Le viol de Lucrèce et la naissance de la République romaine

Elle s'appelait Lucrèce. C'était une femme belle et vertueuse et l'épouse de Lucius Tarquinius Collatinus, dit Tarquin Collatin, un commandant de l'armée romaine. Les gens qui la connaissaient avaient une haute opinion d'elle et appréciaient sa gentillesse, sa loyauté et sa magnifique beauté.

Un roi brutal

Nous sommes au 6ème siècle avant JC et Lucius Tarquinius Superbus est le septième et dernier roi de Rome. Tarquinius Superbus ou Tarquin le Superbe provenait d'une lignée de rois étrusques qui régnaient sur Rome depuis des siècles.
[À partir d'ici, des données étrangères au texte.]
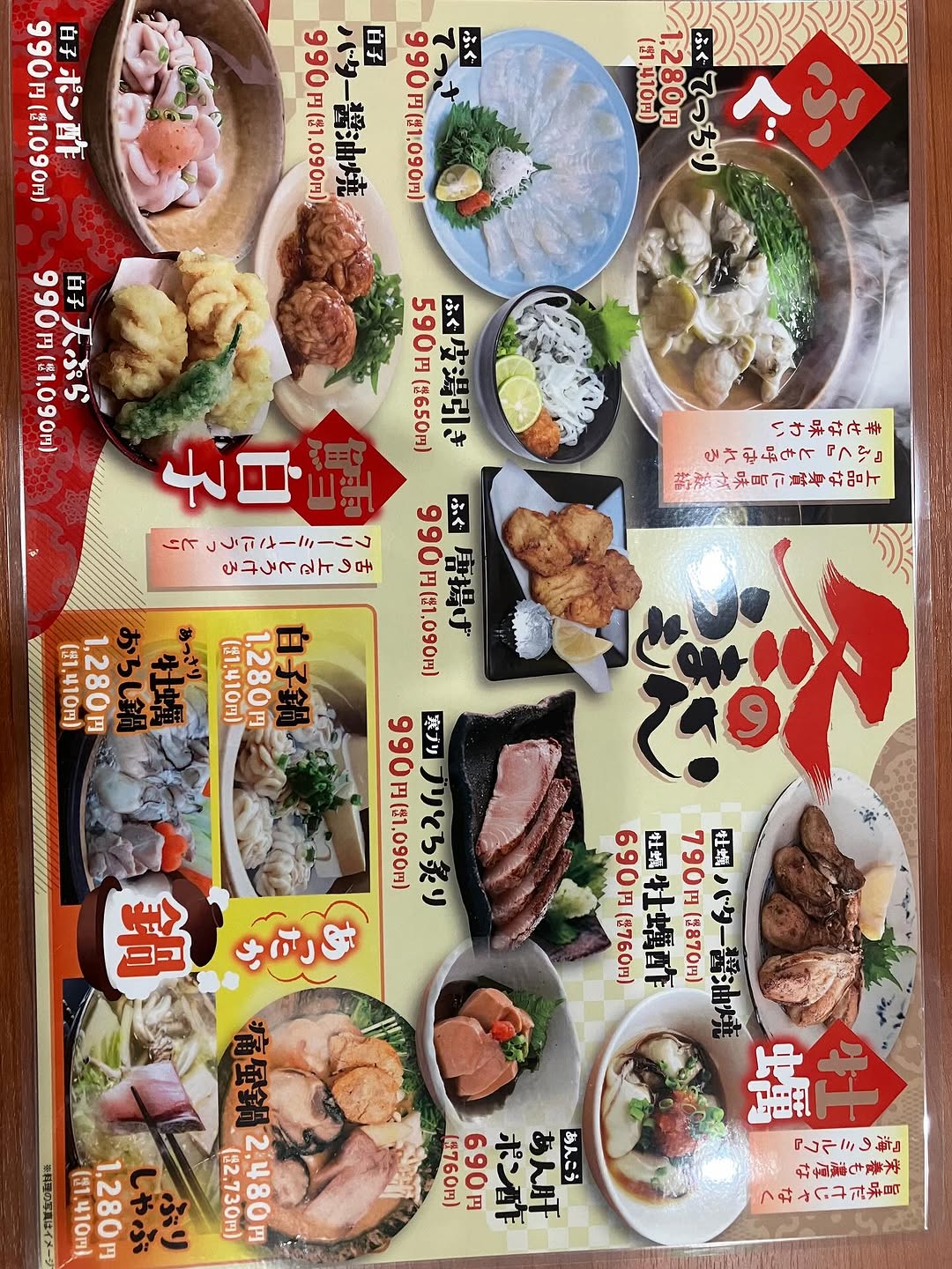 12月のメニューで温かいお鍋やフグてっさなど冬の旨いもん取り揃えました🍲
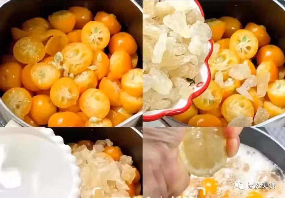 第三步:將水煮至濃稠一些,加上適量蜂蜜,翻炒均勻,關火,這款金桔檸檬果醬做好了。
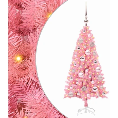 vidaXL Christmas Tree with 150 LEDs Stand Pink 120 cm PVC
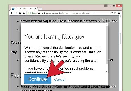 Choose the option that fits your needs. Once you know the eligibility requirements and hidden costs associated with each service, you will be ready to choose the service that will work for you. To choose an option, click on the link provided on the FTB website, then click the button provided to use the service. Once you click on that button, you will receive a disclaimer stating that you are leaving the FTB website and are going to a private site. Click "Continue" to go to the service's website.
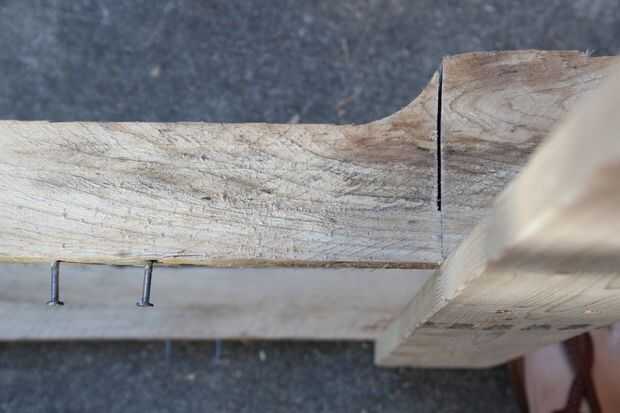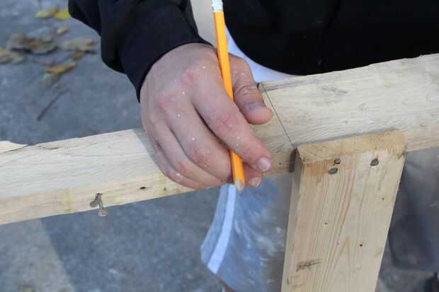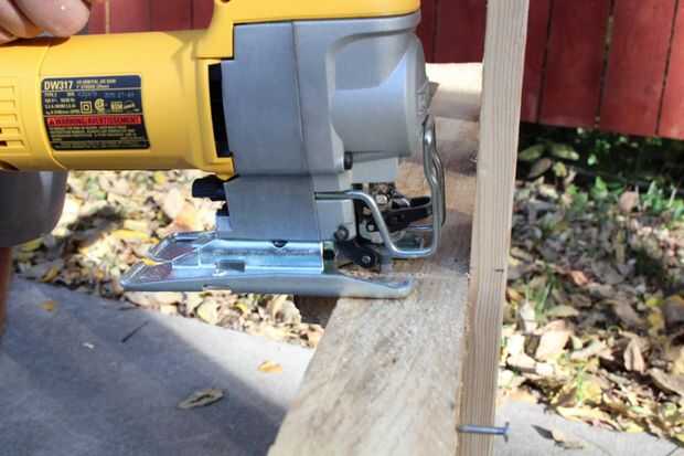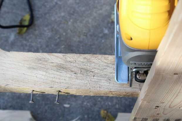 Cuidadosamenteusando una sierra de calar, Sierra las tres tablas de postes de un lado al ras con el borde del panel de la cara exterior. Lápiz y herramienta para dibujar líneas para guiar el corte de medición. Corte desde el lado opuesto a los paneles de la cara. Una sierra de arco deba ser utilizado.

Il était le fils (ou petit-fils) de Lucius Tarquinius Priscus, le cinquième roi de Rome et était marié à la fille de Servius Tullius, le sixième roi de Rome: Servius Tullius avait marié ses deux filles, Tullia Major (Tullie l'Aînée) et Tullia Minor (Tullie la Jeune), respectivement à Tarquin et à son frere Arruns afin d'éviter d'autres conflits dans la monarchie. Tullie La Jeune était ambitieuse alors que son mari Arruns, qu'elle finira par haïr, ne l'était pas. Tarquin était lui aussi très ambitieux et il conspira pour assassiner son frère aîné et sa femme, Tullie l'Aînée. Apres le meurtre horrible de leurs frères et soeurs, Tarquin et Tullie la Jeune se marièrent.

jean bardin tullia

Tullia fait passer son char sur le corps de son père
Jean Bardin (ca. 1765) CC-PD-Mark

L'ambitieuse Tullie persuada alors son mari d'assassiner son propre père afin d'usurper le trône. Selon les dires de l'époque, à son retour de la Curie où son mari fut finalement declaré roi, elle vit le corps de son père étendu mort dans la rue. A la vue du corps, son cocher frémit et arrêta les chevaux fougueux. Tullie saisit alors les rênes et roula sur le corps ensanglanté de son père.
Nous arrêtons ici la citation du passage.